▶ [TASK STATEMENT]:
Set down all of the entries below word for word, with the pictures left out.

▶ [MATERIAL PROVIDED]:

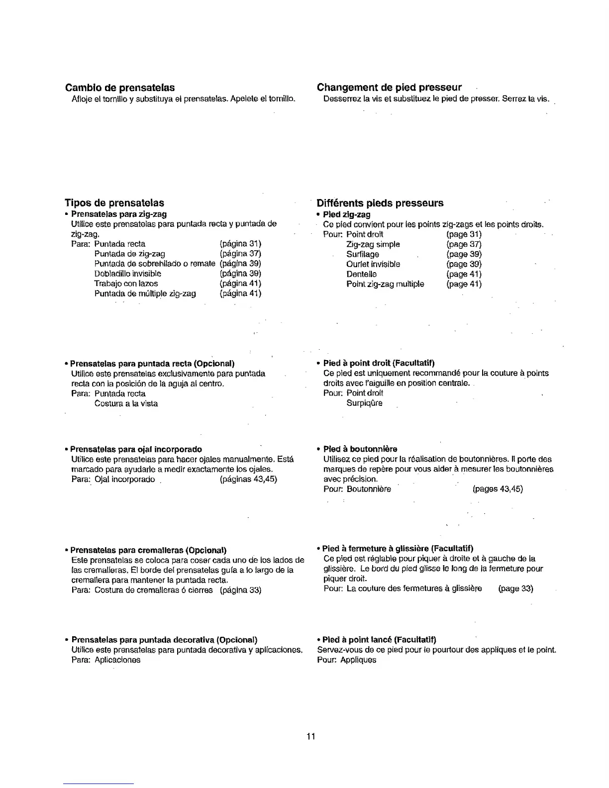 • Prensatelas pare cremalleras (Opcional)
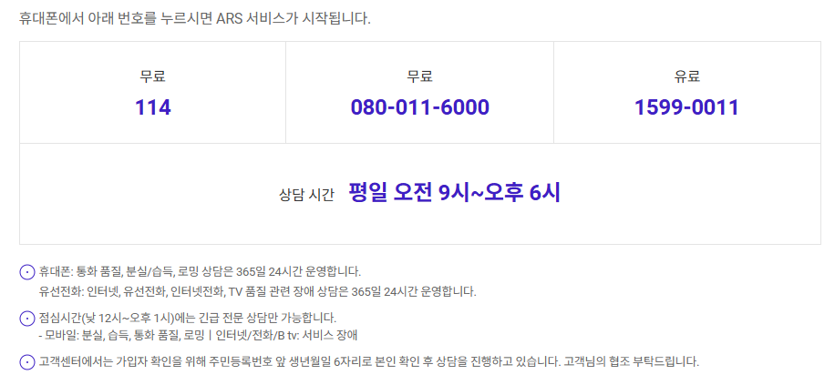 | 휴대폰 고객센터 | 080-011-6000 | 무료번호로 휴대폰 상담이 필요할 때 |
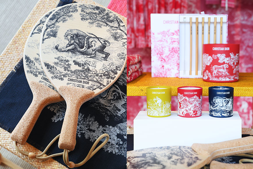 期間限定店亦帶來全港獨家發售的 Dior Maison 產品,例如飾有「Christian Dior」簽名樣式,以及 Maria Grazia Chiuri 設計的新版 Toile de Jouy 圖案滑浪板、太陽傘、吊床、沙灘遊戲及手搖扇,與一系列家居飾品、文具、座墊及餐墊互相呼應。
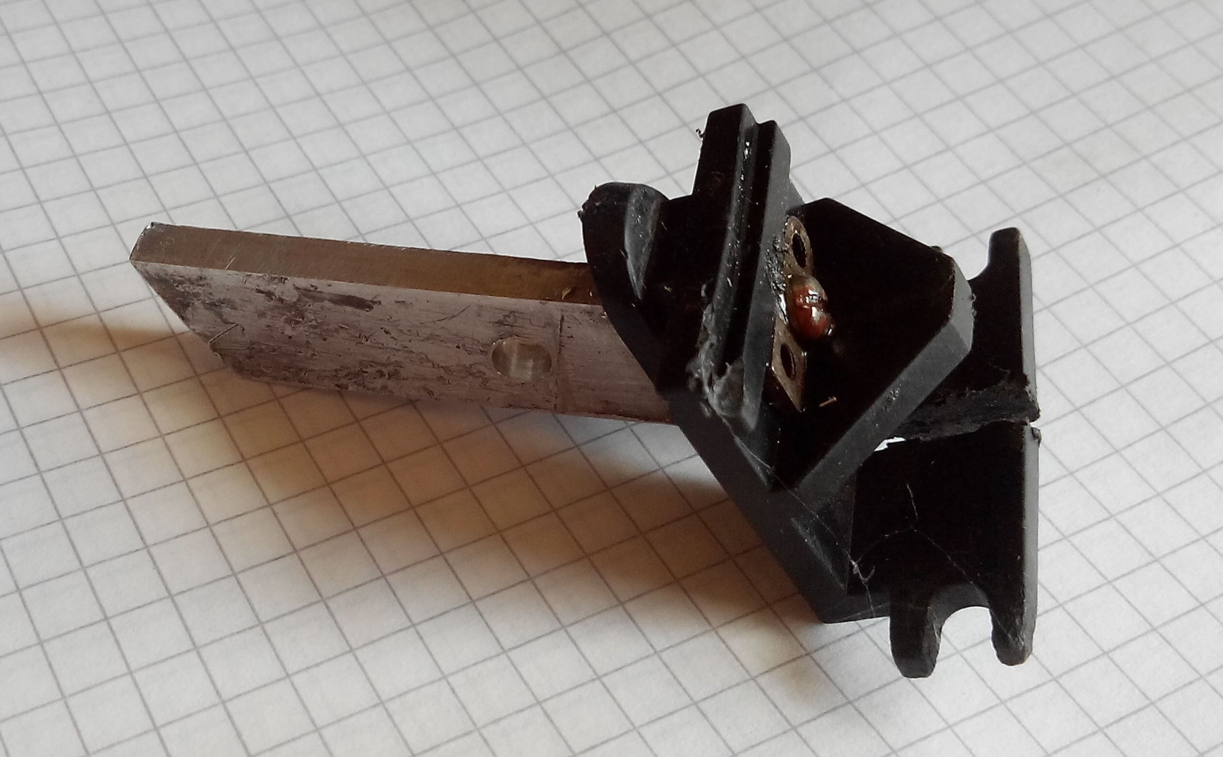 Так отверстие под пластину выжег,всё подогнал,поймал угол наклона. Теперь осталось скрепить верхнюю и нижнюю алюминиевые части. Сажать на клей или эпоксидку весьма ненадёжно,поэтому в верхней части пластины которая стыкуется с пластиком просверлил отверстие,нарезал резьбу и скрутил 2 части шурупом,дабы конструкция держалась крепче под шляпку шурупа положил пластинку выполняющую роль шайбы и щели залил эпоксидкой. Ну и в финале просверлил с боку алюминиевой пластины отверстие под шуруп (который скрепляет 2 половинки ручки) Сегодня прибор уже был отремонтирован. Проще конечно купить эту запчасть и не заморачиваться так с выпиливанием и вытачиванием,я бы так и сделал будь магазин неподалёку,но в Грунтовике крепления в наличии нети когда он будет-неизвестно,а копать уже сегодня надо
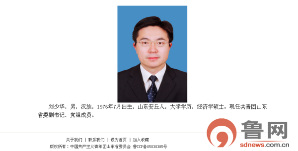 鲁网2月21日讯(记者 范金鑫)据山东共青团网站“领导班子”介绍显示,刘少华,现任共青团山东省委副书记、党组成员。

▶ [ANSWER TO THE PROBLEM]:
 • Prensatelas pare cremalleras (Opcional)
 | 휴대폰 고객센터 | 080-011-6000 | 무료번호로 휴대폰 상담이 필요할 때 |
 期間限定店亦帶來全港獨家發售的 Dior Maison 產品,例如飾有「Christian Dior」簽名樣式,以及 Maria Grazia Chiuri 設計的新版 Toile de Jouy 圖案滑浪板、太陽傘、吊床、沙灘遊戲及手搖扇,與一系列家居飾品、文具、座墊及餐墊互相呼應。
 Так отверстие под пластину выжег,всё подогнал,поймал угол наклона. Теперь осталось скрепить верхнюю и нижнюю алюминиевые части. Сажать на клей или эпоксидку весьма ненадёжно,поэтому в верхней части пластины которая стыкуется с пластиком просверлил отверстие,нарезал резьбу и скрутил 2 части шурупом,дабы конструкция держалась крепче под шляпку шурупа положил пластинку выполняющую роль шайбы и щели залил эпоксидкой. Ну и в финале просверлил с боку алюминиевой пластины отверстие под шуруп (который скрепляет 2 половинки ручки) Сегодня прибор уже был отремонтирован. Проще конечно купить эту запчасть и не заморачиваться так с выпиливанием и вытачиванием,я бы так и сделал будь магазин неподалёку,но в Грунтовике крепления в наличии нети когда он будет-неизвестно,а копать уже сегодня надо
 鲁网2月21日讯(记者 范金鑫)据山东共青团网站“领导班子”介绍显示,刘少华,现任共青团山东省委副书记、党组成员。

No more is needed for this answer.